Southeast Asian project plans scale back
Only developments with both low breakeven costs and favourable locations are likely to proceed for the foreseeable future
The prospect of a sustained low oil price environment raises questions over whether a range of development projects in Southeast Asia will proceed.
Producers in the region have not distinguished themselves in terms of cost efficiency, creating a degree of vulnerability, says Sittidath Prasertrungruang, head of research at investment firm Country Group in Bangkok.
Greater proximity to Asian demand centres than competing supply options in the Mid-East Gulf has made it feasible to operate projects with oil at around $30/bl, he says. But prospect of prices lingering below that level have “changed the whole scenario”.
Projects awaiting FID that are, in Prasertrungruang’s view, likely to be put on hold include Malaysian state-owned Petronas' Kelidang cluster in Brunei and its deepwater Limbayong oil development offshore Sabah in eastern Malaysia. These, he notes, were already facing possible delays due to their complexity as well as regulatory hurdles.
Petronas should have no issue raising financing should it wish to take the projects forward, given a $6bn offer of senior bonds this month was six times oversubscribed. But Malaysia’s February decision to revoke a cross-border agreement with Brunei to jointly develop fields on their shared maritime border will negatively impact Kelidang.
Only the most robust plans are likely to go ahead as scheduled
Even if that issue can be resolved, the development is “somewhat questionable,” says Anish Kapadia, managing director at London-based consultancy Akap Energy. A gas development should, in theory, be less affected by lower oil prices. But as Kelidang’s output would sell through Brunei LNG facilities, pricing is likely to be oil-linked, Kapadia says. Its greenfield status also means development costs are higher.
Limbayong is also likely to be delayed due to its geological complexity and the fact that it struggled to get off the ground even in a more favourable oil and gas environment, according to Kapadia. A floating production storage and offloading vessel (FPSO) contract was due to be awarded in September 2019.

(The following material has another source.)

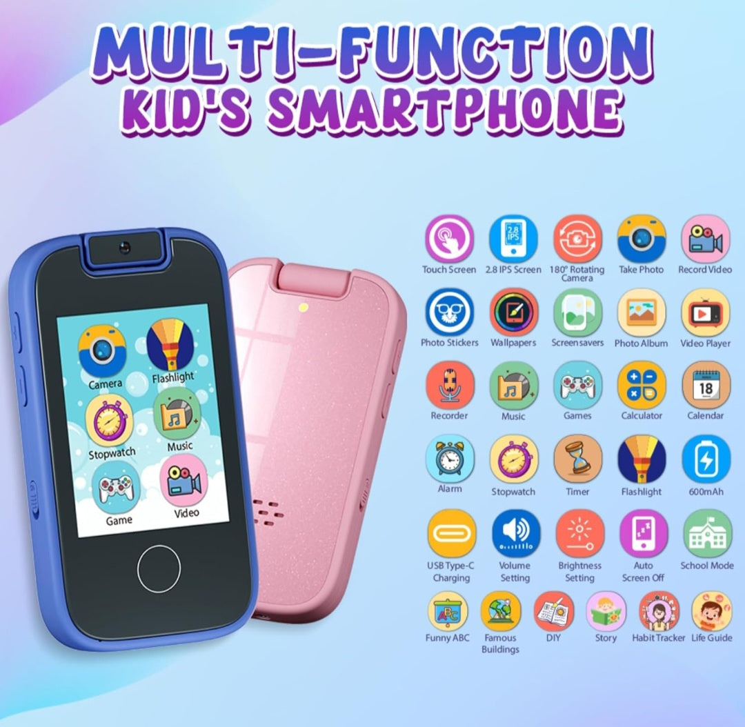 The kids smart phone is equipped with a dual Camera & MP3 Player. It has auto focus, 8.0 Mega Pixels and Video. The device also features a high-quality speaker that supports a 3.5mm headphone jack, so kids can learn and enjoy music.

But no award was made and, under current market conditions, Petronas will be “even more reluctant to take the risks of going it alone” on a complex deepwater development, says Prateek Pandey, senior analyst at consultancy Rystad Energy. FIDs for Kelidang and Limbayong could slip as far as 2024 or 2025, he says.
Survival of the strongest
Only the most robust plans are likely to go ahead as scheduled. Thailand’s PTTEP has a strong balance sheet and, given a sales portfolio dominated by gas, potentially less incentive for major capex cuts,
Prasertrungruang says. Investments in the Erawan and Bongkot fields will continue as planned, according to PTTEP management
The Sakakemang development in Sumatra, Indonesia, operated by Spain’s Repsol, and the Jerun phase of Sapura-OMV SK408 gas fields off Sarawak, Malaysia, a joint venture between Mlocal firm Sapura Enegy and Austria’s OMV, may also see material 2020 progress, he says.

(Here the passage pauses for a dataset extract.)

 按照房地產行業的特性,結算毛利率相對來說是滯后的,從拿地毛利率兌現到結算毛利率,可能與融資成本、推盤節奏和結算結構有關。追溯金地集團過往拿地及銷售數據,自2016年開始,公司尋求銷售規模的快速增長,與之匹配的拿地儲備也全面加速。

$30/bl Oil price below which many projects become unfeasible
Both projects benefit from breakeven costs below $30/bl and close proximity to infrastructure. The Sakakemang discovery—potentially the largest gas find in Indonesia since the early 2000s and one of the world’s 10 largest in the last year—is 25km from the Grissik gas plant, which serves the domestic Indonesian and Singapore markets. Repsol should also benefit from strong project partners in Petronas and Japan’s Mitsui.
Assuming a conservative $3/bl oe net present value for the gas discovery implies a gross value of $1bn, according to Akap Energy data. Robust domestic gas demand, the link to Singapore and other potential export markets should support swift field development. The question mark, Kapadia says, is that Repsol is promising a €1bn capex cut for 2020, which may postpone work to take Sakakemang forward in the short-term.
Sapura-OMV's Jerun development looks more immediately investable, in Kapadia’s view. For one, it would be the second phase of an existing development, where the first phase can deliver cost recovery. The joint venture and its partner Shell should also “be in a strong enough financial position” to proceed.